> [Exercise prompt] The lines to return are those from the line holding "- Stabilna transmisja" through the last line of the entries below, both included, written exactly and without pictures.

> [Input material]
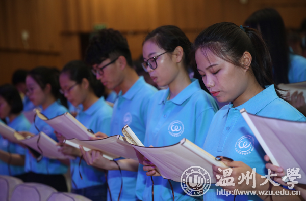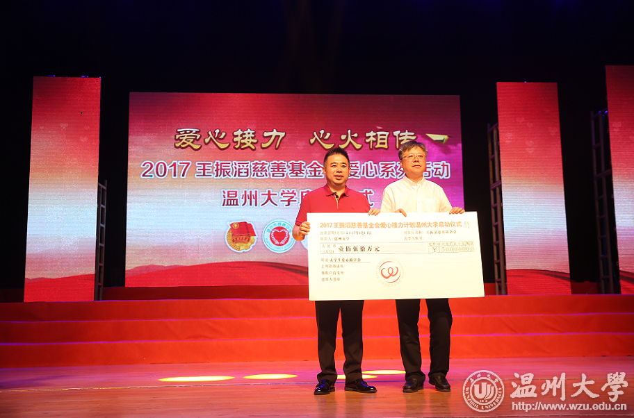 当天下午,2017年王振滔慈善基金会“爱心接力计划”温大站启动仪式在亚洲成人 育英大礼堂隆重举行。王振滔先生携众学子齐声诵读王振滔慈善基金会家训,以心唤心,并见证了十位温大榜样学子的模范力量。捐赠仪式上,其共出资150万元爱心助学金,为爱心接力手队伍再添300位优秀学子。
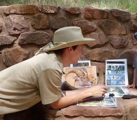 Wir frühstücken wieder draussen, der Sturm hatte sich zum Glück gelegt. Um 10:30 marschieren wir zum shuttle, um zu den emerald pools zu wandern. Auch wir trafen den super netten deutschsprechenden ranger an, der uns einiges über die Tiere im Zion erzählte:
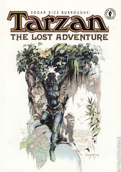 Nearly fifty years ago, Edgar Rice Burroughs' final Tarzan manuscript was locked in a vault, unfinished, never to be read by anyone outside the family. It became the stuff of legend. Now, half a century later, Dark Horse Comics is proud to present Edgar Rice Burroughs' Tarzan: The Lost Adventure. In this never-before-printed novel (serialized over four issues), Tarzan guides an explorer and his beautiful daughter to a remote, mythical African city, and contends with an outlaw safari which hopes to reach the same destination... first. Tarzan's battles with jungle beasts and a brutal sequence in a tribal village are vintage Burroughs at his best! We're presenting this long-lost masterpiece in the same format in which the very first Tarzan story saw print: As a pulp!
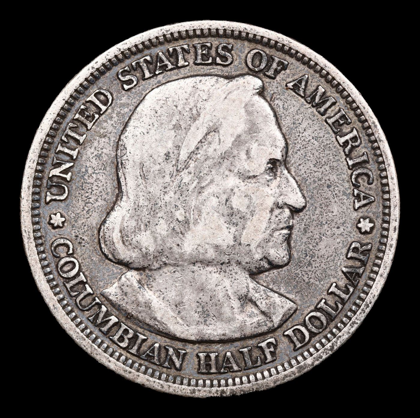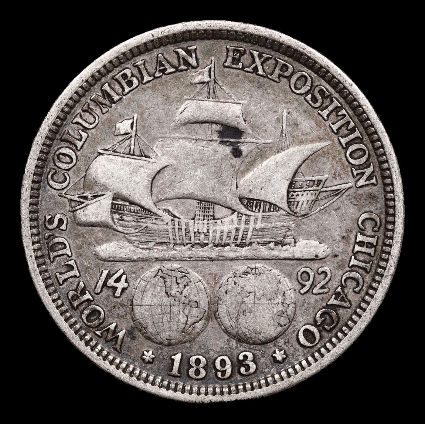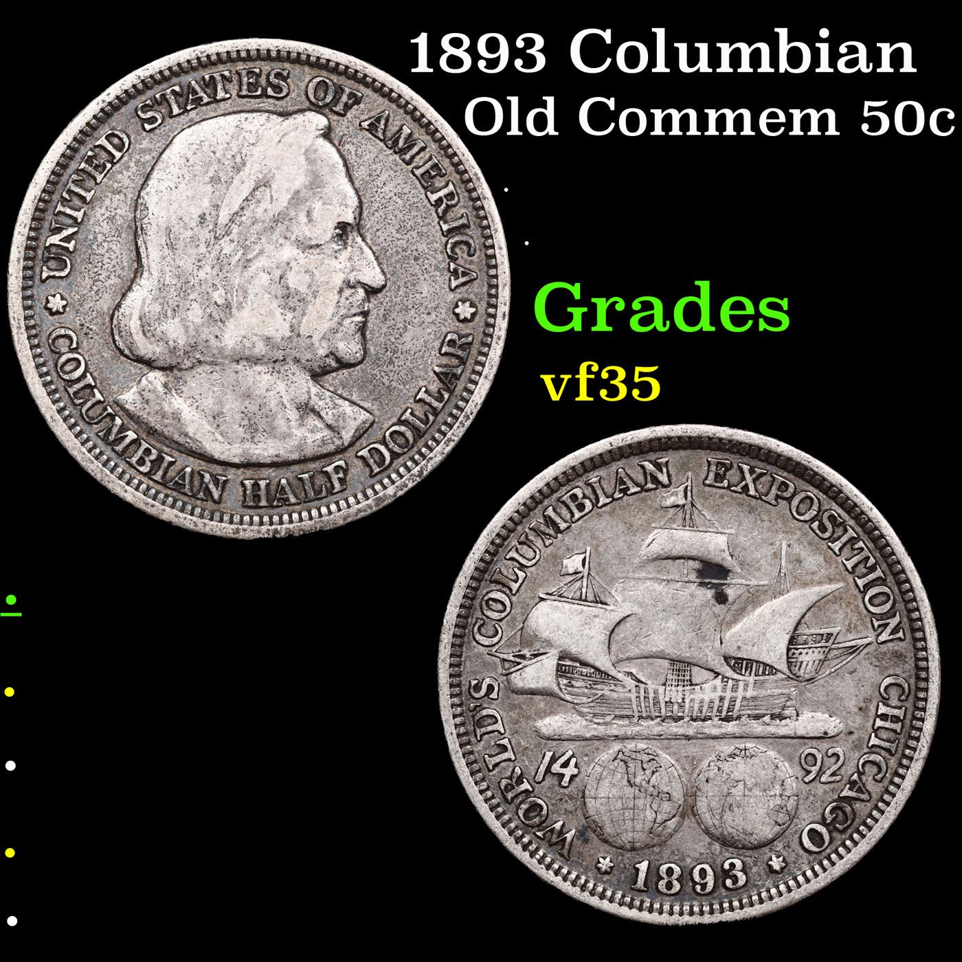 1893 Columbian Old Commem Half Dollar 50c Grades vf++. The Columbus Half Dollar along with the Isabella Quarter were Minted in Honor of the 400th Anniversary of Columbus' Voyage to the New World. It was First Distributed at the Worlds Fair Honoring that Voyage. When examining a Columbian Exposition Half Dollar, the First Points to Show Wear are Columbus’ Eyebrow, Cheek and the Hair Behind his Forehead and Jaw. On the Reverse, Check the Foresail and Sainsail, as well as the Right Side of the Eastern Hemisphere.
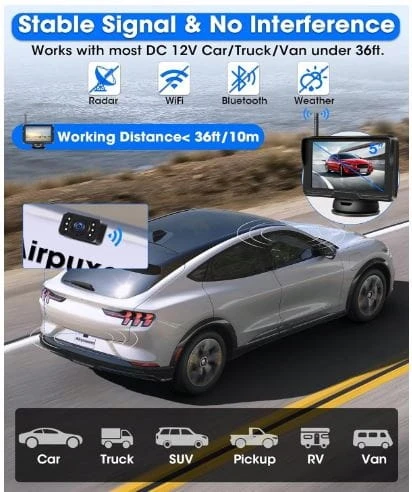 - Stabilna transmisja sygnału: Bezprzewodowy system kamery cofania ma wbudowany wydajny nadajnik bezprzewodowy, a monitor ma wbudowany odbiornik bezprzewodowy, transmisja obrazu jest bardziej stabilna, dzięki czemu można zobaczyć martwy kąt z tyłu bez zakłóceń i migotania. Odległość robocza kamery cofania może obsługiwać pojazdy do 10 m, które mogą być używane do samochodów typu van/pickup/SUV/samochodów itp.
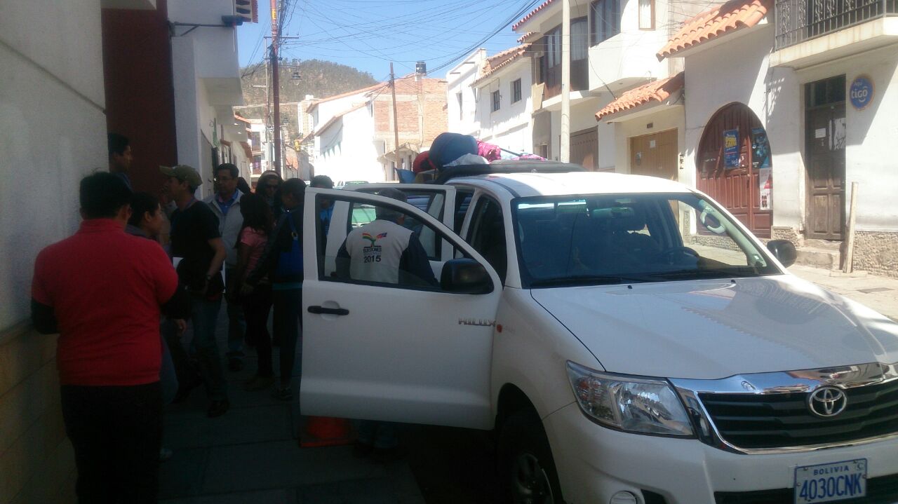 Las y los empadronadores se trasladaron hoy desde las oficinas de los Servicios de Registro Cívico (SERECI) de La Paz, Chuquisaca, Santa Cruz, Tarija, Cochabamba y Oruro, equipados con el material logístico necesario para desarrollar su trabajo.

> [Answer space]
 - Stabilna transmisja sygnału: Bezprzewodowy system kamery cofania ma wbudowany wydajny nadajnik bezprzewodowy, a monitor ma wbudowany odbiornik bezprzewodowy, transmisja obrazu jest bardziej stabilna, dzięki czemu można zobaczyć martwy kąt z tyłu bez zakłóceń i migotania. Odległość robocza kamery cofania może obsługiwać pojazdy do 10 m, które mogą być używane do samochodów typu van/pickup/SUV/samochodów itp.
 Las y los empadronadores se trasladaron hoy desde las oficinas de los Servicios de Registro Cívico (SERECI) de La Paz, Chuquisaca, Santa Cruz, Tarija, Cochabamba y Oruro, equipados con el material logístico necesario para desarrollar su trabajo.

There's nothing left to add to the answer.